- Centering prayer— Pray for illumination, “Lord, open my heart and mind by the power of the Holy Spirit,” and remain in silence.
- Read slowly, keeping any words or phrase that come to your mind, and mark on them.
- Close eyes and meditate on what you read.
- Take a note if you have question, inspiration.
Read Lamentation 1
The book of Lamentation is poetry, expressing suffering, agony and pain of the fall of Judah and Jerusalem. This book describes the historical event of the destruction of Jerusalem by the hands of the Babylonians in 587 BC. Therefore, this book must be written after that year.
The book of Lamentation is composed of five poems, and the structure of the book is pattern based on Hebrew alphabet, 22 letters, in each chapter, with chapter three having three times of it.

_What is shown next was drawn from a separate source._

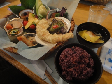 ランチメニューは、花かご遊膳↑(1200円)の一種類だけですが、こだわりの料理&お代わり自由の古代米でした。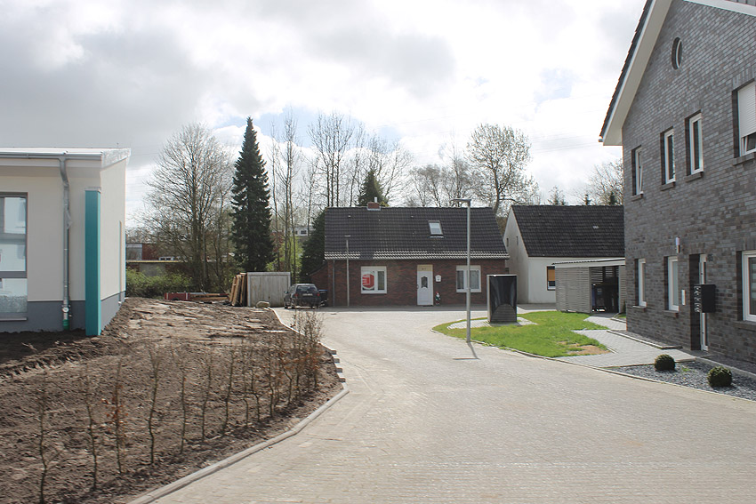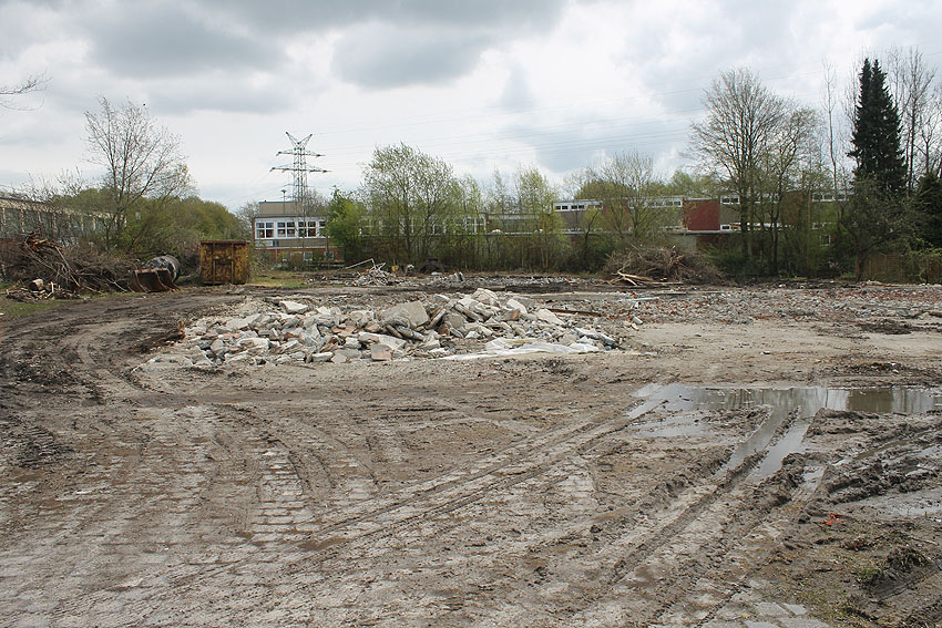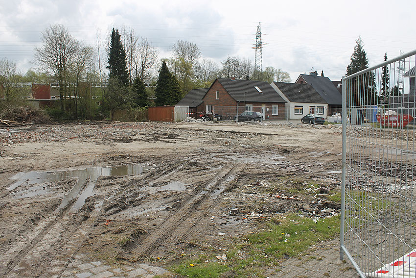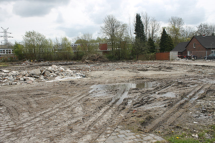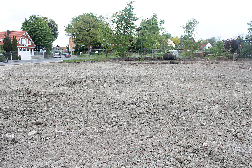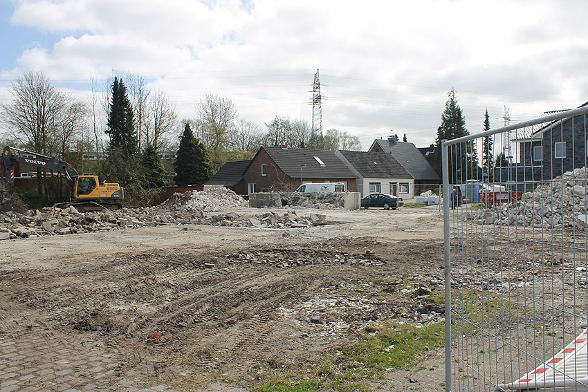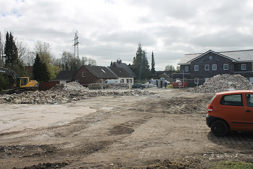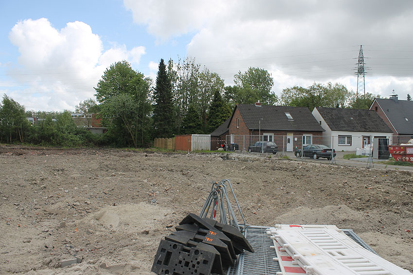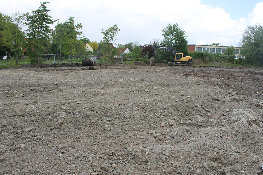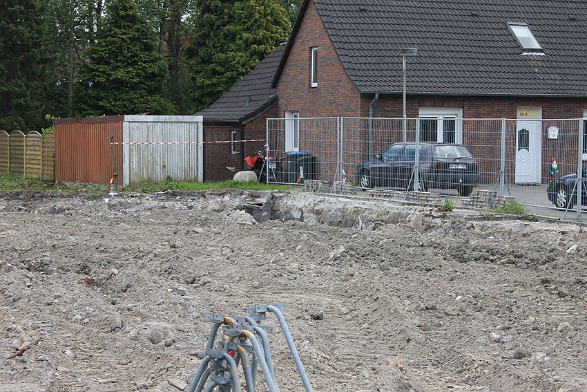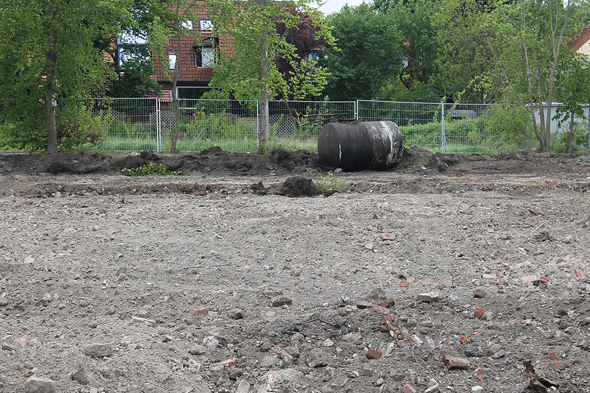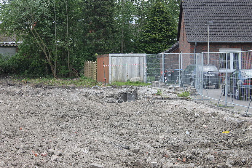 So sieht das Gelände mittlerweile aus. Der Neubau, ein Kindergarten, ist vollendet und in Nutzung. Der Bereich des ehemaligen kleinen Bunkers ist nicht bebaut. Die Anlage hätte daher als Anschauungsobjekt erhalten bleiben können, eventuell auch im Verbund mit dem Kindergarten als "Spielkeller" oder ähnliches.

The poet of the book of Lamentation has been known as Jeremiah historically, who was called the weeping prophet. But some biblical scholars viewed differently because of formation and grammar in the book, different from the book of Jeremiah. They viewed that there are different poet for each chapter, and later five poems were grouped into one book.
The central theme of the book of Lamentation is theological—how God could allow the promised land and people to be destroyed and God’s people sent away in exile? Where is God in the midst of the people’s suffering? The poet repeatedly calls on God for mercy and compassion, begging God to see their grief and shame.
The book of Lamentation was used in public rituals of morning and remembrances the times of tragedy. In Christian tradition, the reading of the book of Lamentation is included as part of worship during Holy Week. In Jewish tradition, this book is read on the month of Ab, a holiday that remembers the destruction of Jerusalem temple twice, 587 BC and 70AD, and other catastrophes such as Holocaust during the second world war.
The book of Lamentation creates the readers space for remembering tragedy, and the healing of painful situation.
The first poet in chapter one remembers the tragedy of the destruction of Jerusalem by the Babylonian army, using the analogy of royal palace once was brilliant but destroyed. The poet confessed the sin, adultery, that brought divine anger leading to destruction. The poet pleaded God’s mercy.
1. What does this passage tell you about God?
2. What does this passage tell you about people.?
3. What does this passage tell you about yourself and God’s will for you?